Image from the Internet
Just before my recent bout with back pain, I was working from 9:00 am to 3:00 am, with a few hours out of that total for non-art errands and activities. The rest of my time was some combination of studio practice, blogging, administrative work, and going out to look at art. And it went by fast! Didn't I just get up to start the day? Oh, wait that was yesterday. My job is interesting but 15 hours a day, seven days a week, is two full-time jobs and and a part-time job. And like most of you, I have no perks like vacation, holidays off or company-paid health insurance.
So recently when the sciatica hit, I was forced to spend the better part of a month semi-drugged on the couch. Talk about a screeching halt. Let me tell you: Time goes by really slowly when you're just lying there (even if you've gotten hooked on NCIS, which seems to have its own channel).
Now that I'm more or less better and back to work, time has speeded up again. I'm fortunate that my "outside jobs" are art related and that most of what I do can be done from an office in my studio, but I'm back to putting in too many hours. If the sciatica has taught me one thing it's that I have to slow down.

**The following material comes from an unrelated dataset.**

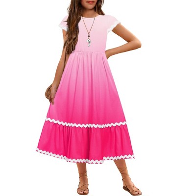 Arshiner Girls Summer Maxi Dresses Short Sleeve Casual Flowy Tiered Dress with Pockets for 4-14 Years

No, I'm not giving up this blog, and I'm certainly not going to stop painting and exhibiting, and I'm not giving up the painting conference that I founded and run. But I am going to think twice about the other ways I have used my time. I've cut way back on Facebook, for instance. E-mail too. Delete, delete, delete. Do I have to participate in every exhibition that comes along? No—especially if it requires packing and shipping, paying for the shipping, and has no catalog or web presence. I figured this out a long time ago but, you know, the siren call to show is strong.
There's more. I've stopped writing letters of reference for friends and colleagues. I wish them well, and I hope they receive the grants and residencies they apply for, but I don't have the time to get pulled into their efforts. (As I wrote in a MM post a while back, Enough with the Reference Letters, I don't apply for any grant that requires letters of reference because they're a time suck for others. Hell, I hardly ever apply for grants, period, because they're a time suck for me.)
And more. Do I have to accept every speaking engagement that offers a "small honorarium"? No. If an institution can't meet my established fee, I can't work for them. I'm sorry to say that I've contributed to your low honorarium by having accepted pittances in the past. (Honorarium = minimum wage for your invaluable professional expertise.) I have found that the preparation, time and travel involved in a speaking or teaching engagement has sometimes cost me more than what I was being paid. One thing is for sure: the folks who are inviting me or you to speak all have wage-paying jobs with benefits. Let's not let them nickel and dime us.
There are some exceptions.
. If you're early in your career, you're probably trying to get your work out there as much as possible. Go ahead, show. But it's still smart to be discriminating about exhibition opportunities (Coffee shops? Restaurants? Community centers? Be choosy.)
. And even as you progress in your career, you may agree to speak or demo or participate on a panel for free. I have organized and/or participated in a number of blogger panels and events over the past few years, finding that outreach--to work with colleagues I admire, to promote my blog, or just because the topic is interesting--was a worthwhile tradeoff. My colleagues, established artists and bloggers all, must have felt the same, too, because we've all given our time for free.
But back to cutting back on activities. I'm not sure how much my cutbacks will help. I am still a Type A who likes to work. But I'm really, really going to try. My well-being depends on it.
Of course there's a larger point to this post, and it's about you:
. How many hours a week do you work?
. Do you feel it's too much?
. Have you experienced work-related stress or illness?
. Have you been able to cut back?
. Have you accepted too many low-wage jobs?
. Do you still?
. When was the last time you took a vacation?
I'm not asking you to respond specifically to these questions, but as you consider them, please tell us a bit about your work habits—or, more likely, your overwork habits.